Community pancakes: The Merrimack Rotary Club (portal.clubrunner.ca/2943) will hold its annual Pancake Breakfast featuring pancakes, sausage, juice and coffee on Thursday, July 4, at Merrimack High School (38 McElwain St., Merrimack) from 8 to 11 a.m. The cost is $10 for adults, $8 for teenagers and seniors, $5 for children, and free for children 3 and younger.

Communicating with, and drinking, spirits: Join Averill House Vineyard (21 Averill Road, Brookline, 244-3165, averillhousevineyard.com) and Intuitive Medium Jessica Moseley for Spirit to Spirits, a group medium reading and wine tasting in the vineyard’s historic 1830’s estate on Saturday, July 6, from 6 to 8 p.m. Tickets are $45 each and include a seat at the group medium reading and a wine tasting flight of four vintages, or a single glass of wine from Averill House Vineyards.

Getting a grip on jams and jellies: The Educational Farm at Joppa Hill (174 Joppa Hill Road, Bedford, 472-4724, sites.google.com/theeducationalfarm.org/joppahillfarm) will hold a class on making jams, jellies and preserves on Sunday, July 7, from 1 to 2 p.m. The class will be taught by Betsey Golon, certified master food preserver from the University of Maine. This event requires registration. Tickets are $20 per person when purchased online, or $25 per person onsite.

Gazpacho

Here is a cold Spanish soup for days when it’s so hot that you can’t finish typing a coherent…

  • 2 pounds (900 g) fresh tomatoes
  • ¼ cup (50 g) pickled jalapeños 
  • 1 medium-sized cucumber, peeled
  • 1 small white onion, peeled
  • 1 clove of garlic
  • 2 teaspoons kosher salt, or coarse sea salt
  • ½ cup (100 gr) extra virgin olive oil
  • 3 slices of stale, crusty bread — Italian or French
  • 2 teaspoons sherry vinegar

Roughly chop the tomatoes, cucumber, onion and garlic, then transfer them to your blender.

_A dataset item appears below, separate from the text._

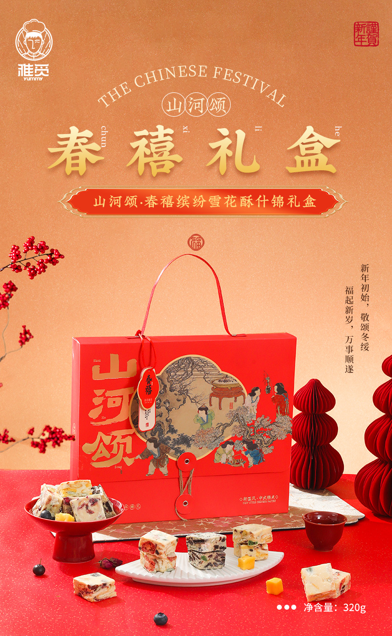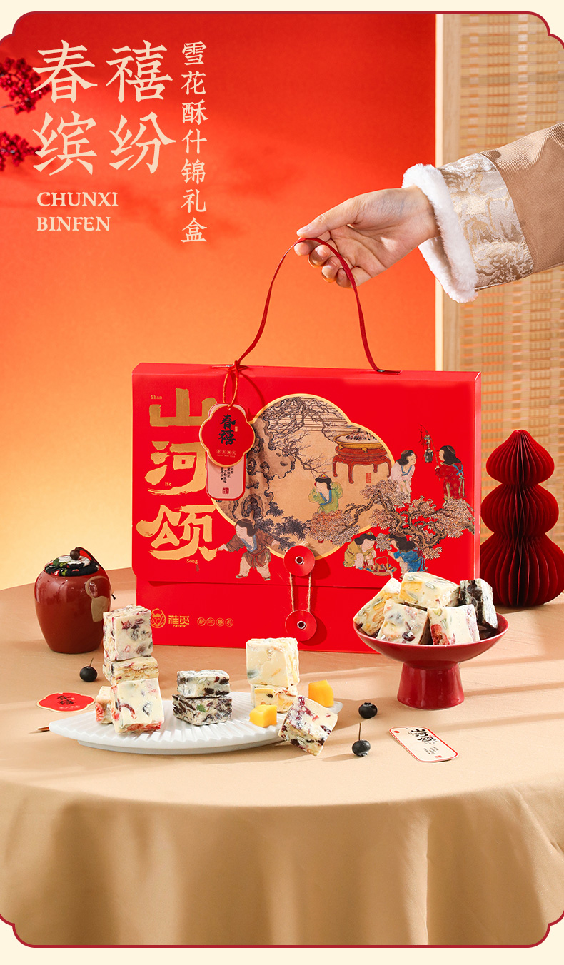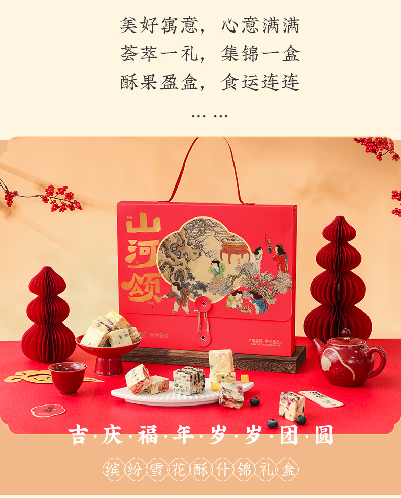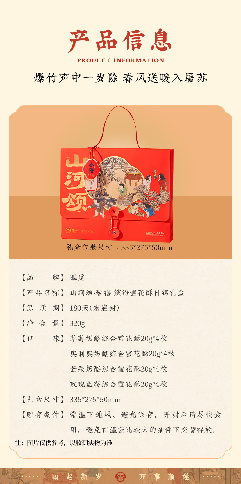 雅觅 山河颂·春禧 缤纷雪花酥什锦礼盒【产地直发】
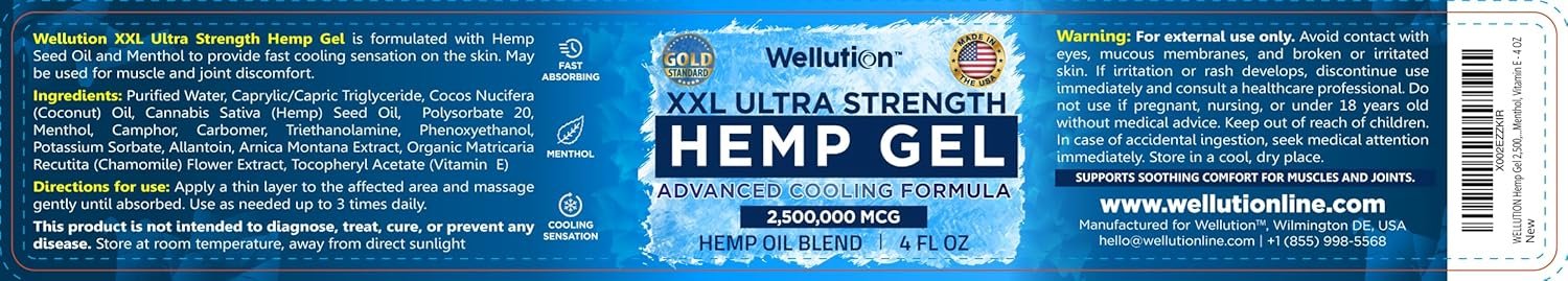 June 17, 2025Wellution Hemp Gel – 2,500,000 MCG – (4 Oz) with Hemp Oil Extract, Arnica, Coconut Oil, and Menthol – Made in USA

Mine is a heavy-duty job, named Steve, but a regular blender, an immersion (stick) blender, or food processor will do the trick, too.

Add the salt and pickled jalapeños, then blend everything, slowly at first, then more briskly. Your blender has been impatiently waiting for a chance to really go to town on something, so give him a treat and work your way through the dial or buttons, and let him really exert himself. You’ll be able to feel his smile as he sucks chunks to the bottom of the jar and powers through them.

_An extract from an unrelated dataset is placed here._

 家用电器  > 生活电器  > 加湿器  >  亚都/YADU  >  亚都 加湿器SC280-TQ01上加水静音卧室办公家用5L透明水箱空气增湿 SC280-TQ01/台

Let your blender play with the puree for a couple of minutes, until everything has been broken down about as much as it’s going to be, then bring the speed back down to whatever equates to “medium” on your device.

You know that detachable plug in the center of your blender lid that you’ve always wondered vaguely about? Now is your chance to put it to use. While your proto-gazpacho is still blending, remove the plug and drizzle the olive oil through the hole and into your pinkish mixture. Blend everything for another 30 seconds or so, to make certain the olive oil is completely incorporated.

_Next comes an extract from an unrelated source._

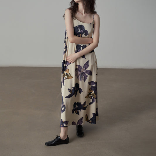 【ワンピース】夏 レトロ サテン 花柄 ゆったり 着痩せ ノースリーブワンピース【SHシリーズ】

Strain the mixture through a fine-mesh strainer. This is to remove any remaining bits of seeds or tomato skins. Depending on how fine your strainer is, this will probably take about 20 minutes. You can help the process along by scraping the walls of the strainer with a spoon from time to time.

Meanwhile, soak your bread slices in water, then squeeze them dry.

Check on the gazpacho in your strainer. If it still looks fairly liquid, stir it around to encourage more straining, then go find something to do for a few minutes. How long has it been since you went through the top shelf in your refrigerator and got rid of all the food that has turned into science experiments?

When your gazpacho has thoroughly drained, discard the solids, thanking them for giving so deeply of themselves, then pour the liquid back into your blender.

Add your soggy bread, then blend everything for another minute or so.

Gazpacho is at its best ice-cold, so it needs to be chilled in your refrigerator for at least six hours. If you don’t have immediate plans for hummus or piña coladas, find some room on the bottom shelf, and just store it in the blender jar.

Right before serving, remove the blender jar from the refrigerator. Add two teaspoons of the best vinegar you have — sherry or Champagne vinegar is good, but it doesn’t have to be that fancy — and give it one last whirl in the blender.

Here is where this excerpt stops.